( Laurie McGinley, The Washington Post –
Rahul Desikan sits at his dining room table, a large computer screen before him, and works on his latest scientific paper. He types a single letter, then another, then another. For a man in a hurry, desperately trying to rid the world of terrible diseases, it’s an excruciatingly slow process.
Using a special mouse strapped to his forehead that detects his smallest movement, Desikan moves a cursor around an on-screen keyboard. When he finds the letter he wants, he clicks a button with his right thumb, and it appears in a white space to the side. Repeating the process over and over, he debates research ideas with colleagues, analyzes reams of data and competes for grants. He types so much that he occasionally wears out the clicker.
Moaning softly, he looks toward a caregiver sitting nearby. “Are you thirsty?” she asks. He shakes his head slightly. “Hot?” He makes another low sound, and she loosens his fleece vest and adjusts the neck brace supporting his head.
A year and a half ago, this scientist’s future seemed boundless. He was a rising star at the University of California at San Francisco, a researcher of degenerative brain diseases. He had just begun the biggest study ever of the genetics of ALS, or amyotrophic lateral sclerosis, the disease made famous by Lou Gehrig and Stephen Hawking.
Then his voice started changing. It got higher and took on an odd nasal quality. He started noticing small muscle twitches in his left arm and weakness in his fingers. ALS was diagnosed five months later.
Today, at 40, he spends most days working from a wheelchair in his home south of downtown. He is unable to talk, walk or hold his two young boys. He can move his thumb and turn his head a bit – but virtually nothing else.
A student of Greek tragedy, Desikan is acutely aware of the irony that ALS is now his personal nemesis. It seems like “the universe is playing a cruel joke on us,” he types, even a few sentences taking minutes to complete.
“I have lost my faith in god,” he continues. “I can’t believe that a loving being would ever do something so cruel.”
Yet that profound expression of despair doesn’t capture the full measure of Desikan’s existence – the undiminished brilliance and ambition, the bursts of outrageous humor and the moments of gratitude and joy.

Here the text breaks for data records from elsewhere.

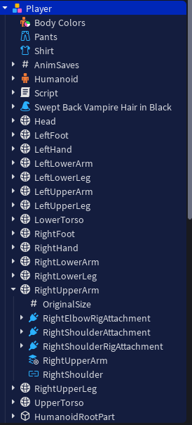 Accessories on the otherhand automatically handle welds based on the character’s attachment, e.g. if you require an attachment to be a part of the shoulder, you’d name the attachment under the accessory (if said attachment doesn’t exist, then create one) “RightShoulderAttachment” as seen here;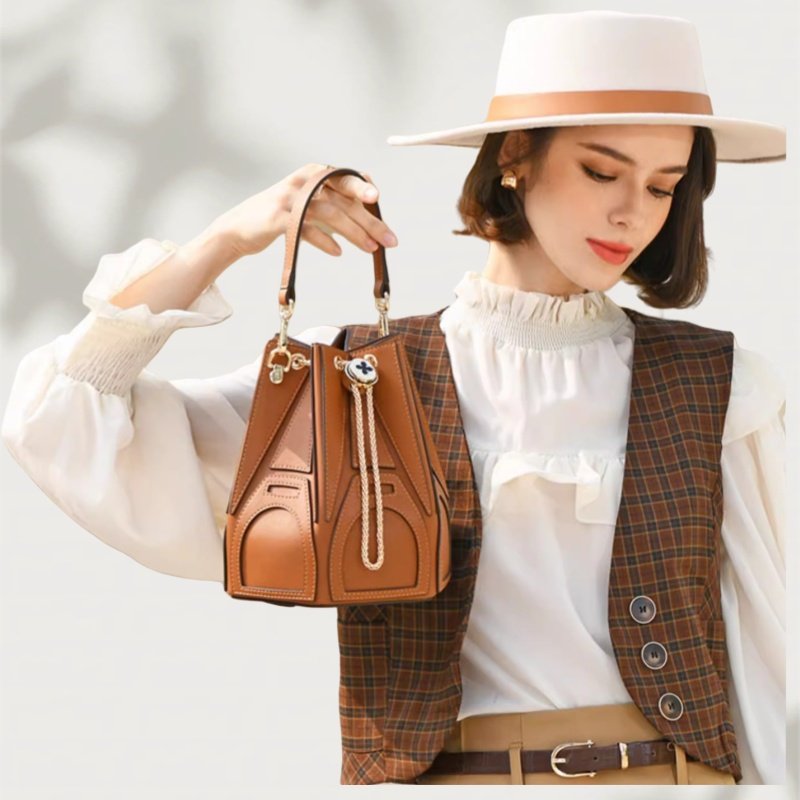 Bolso de piel auténtica tipo cubo: materiales y fabricación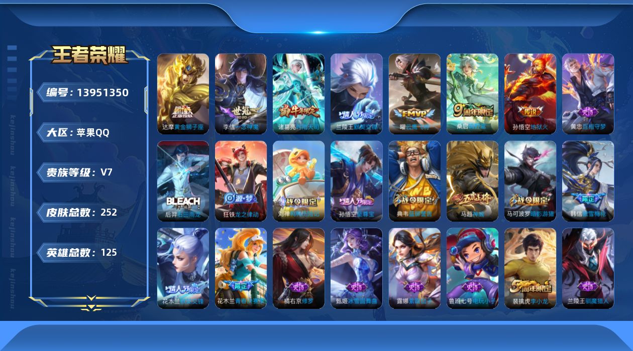 [13951350]金标哪吒 高渐离苹果Q-252皮肤-7传说-67史诗 【传说皮肤】:桑启鸣野蒿,兰陵王默契交锋,诸葛亮时雨天司,曜云鹰飞将,李信一念神魔,达摩黄金狮子座,孙悟空地狱火 【限定皮肤】:姜子牙天穹之誓,狄仁杰阴阳师,赵云皇家上将,嬴政白昼王子,孙尚香蔷薇恋人,庄周高山流水,高渐离死亡摇滚,阿轲迷踪丽影,周瑜赤莲之焰,夏侯惇朔风刀,甄姬游园惊梦,典韦蓝屏警告,马可波罗暗影游猎,狄仁杰魔术师,狄仁杰万华元夜,达摩星际陆战队,达摩沙漠行僧,项羽海滩派对,老夫子醍醐杖,程咬金演武夺筹,刘邦夺宝奇兵,韩信傲雪梅枪,兰陵王默契交锋,兰陵王驯魔猎人,兰陵王金庭之子,花木兰青春决赛季,花木兰默契交锋,孙悟空至尊宝,后羿圣弓游侠,李元芳银河之约,李元芳云中旅人,虞姬霸王别姬,钟馗驱傩正仪,杨玉环遇见飞天,干将莫邪真爱魔法,雅典娜黎明之约,蔡文姬繁星吟游,太乙真人华丽摇滚,鬼谷子原初探秘者,鬼谷子五谷丰年,诸葛亮时雨天司,苏烈千军破阵,百里玄策原初追逐者,弈星混沌棋,梦奇顽趣,沈梦溪星空之诺,沈梦溪大漠名商,明世隐疑决卦,裴擒虎李小龙,裴擒虎擒涛扼浪,米莱狄胡桃异想国,云中君纤云弄巧,盾山御銮,猪八戒西部大镖客,上官婉儿梁祝,嫦娥拒霜思,鲁班大师探海日志,桑启海盐诗旅,艾琳女武神,阿古朵江河有灵,张良古海寻踪,蒙恬荣光圣徽,高渐离燃音魔法,妲己灵卜魔法,鬼谷子天穹祈灯,沈梦溪龙舞盛年,刘邦剑破天穹,程咬金群星魔术团,周瑜熔金海岸 【年限皮肤】:诸葛亮时雨天司,马超神威 【赛季限定】:夏侯惇朔风刀,狄仁杰万华元夜,达摩沙漠行僧,老夫子醍醐杖,程咬金演武夺筹,兰陵王金庭之子,张良古海寻踪,李元芳云中旅人,钟馗驱傩正仪,雅典娜黎明之约,鬼谷子原初探秘者,苏烈千军破阵,百里玄策原初追逐者,弈星混沌棋,梦奇顽趣,沈梦溪大漠名商,明世隐疑决卦,裴擒虎擒涛扼浪,盾山御銮,鲁班大师探海日志,桑启海盐诗旅,鬼谷子天穹祈灯,蒙恬荣光圣徽,刘邦剑破天穹,姜子牙天穹之誓 【战令限定】:嬴政白昼王子,阿轲迷踪丽影,周瑜赤莲之焰,典韦蓝屏警告,马可波罗暗影游猎,达摩星际陆战队,刘邦夺宝奇兵,兰陵王驯魔猎人,后羿圣弓游侠,李元芳银河之约,干将莫邪真爱魔法,沈梦溪星空之诺,米莱狄胡桃异想国,猪八戒西部大镖客,高渐离燃音魔法,妲己灵卜魔法 【史诗皮肤】:鲁班七号电玩小子,露娜紫霞仙子,阿轲暗夜猫娘,赵云皇家上将,赵云未来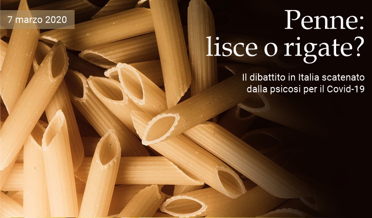 7 marzo 2020 (ore 16:14) - La psicosi provocata dall'epidemia di Covid-19 ha portato molti abitanti dell'Italia settentrionale a svuotare gli scaffali dei supermercati facendo incetta di pasta e, tra i formati in vendita, le penne lisce sono state disprezzate, rimanendo spesso sui banconi. La vicenda ha provocato un vivace dibattito tra i sostenitori e i critici di questa forma storica nell'ambito delle numerosissime varietà di uno dei prodotti alimentari italiani più conosciuti. Ma, prima di riferirci ai dettagli della discussione, rivediamo brevemente alcuni dati storici. Al contrario di molti tipi di pasta, le cui origini si perdono nel mito, le penne —superate solo dagli spaghetti in termini di apprezzamento a livello mondiale— hanno una precisa data di nascita e la loro paternità non è contesa. L’11 marzo del 1865 il genovese Giovanni Battista Capurro depositò il brevetto di una macchina per tagliare la pasta diagonalmente. Secondo alcune versioni, il nuovo formato voleva riprodurre i pennini delle penne stilografiche —brevettate 38 anni prima dal governo francese—, da cui il nome. Nel documento del brevetto, conservato all’Archivio Centrale dello Stato a Roma, si legge: «Fino al giorno d’oggi non si poteva ottenere il taglio diagonale che colle forbici a mano, metodo che, oltre a riuscire troppo lento e dispendioso, presentava l’inconveniente di produrre un taglio irregolare e di schiacciare le paste». Le penne ebbero subito successo e si diffusero rapidamente dalla Liguria in tutto lo Stivale, dove si oggi contano diverse varianti. Cambia la lunghezza, lo spessore, il diametro, la porosità, ma il taglio obliquo resta sempre lo stesso.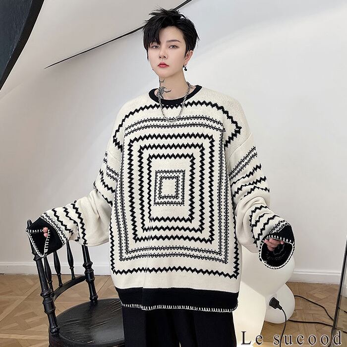 【Le sucood】【お支払い確認後20日以内発送】スクエアステッチセーター クルーネック ざっくりニット グラフィック 幾何学模様 デザインニット プルオーバー ボリューム袖 オーバーサイズ ゆったり ドロップショルダー カジュアル トップス 長袖 メンズ ストリート モード系 個性的 原宿系 青文字系 | Le sucood

His voice has been silenced. He hasn’t.
Since his diagnosis, Desikan has been an author, often the lead or senior one, of 25 papers in major academic journals on topics such as schizophrenia, Alzheimer’s disease and Parkinson’s disease. As part of his huge ALS study, he and fellow researchers announced in April the discovery of two genes newly linked to the disease.
His unique approach involves combining massive sets of genetic data, MRI exams of the brain, markers of brain pathology and patients’ symptoms. His immodest goals include trying to prevent and treat, or at least to better understand, ALS and Alzheimer’s.
“His work is really opening new areas of research in ALS that hopefully will benefit others down the line,” said Celeste Karch, a neuroscientist at Washington University School of Medicine who frequently collaborates with Desikan.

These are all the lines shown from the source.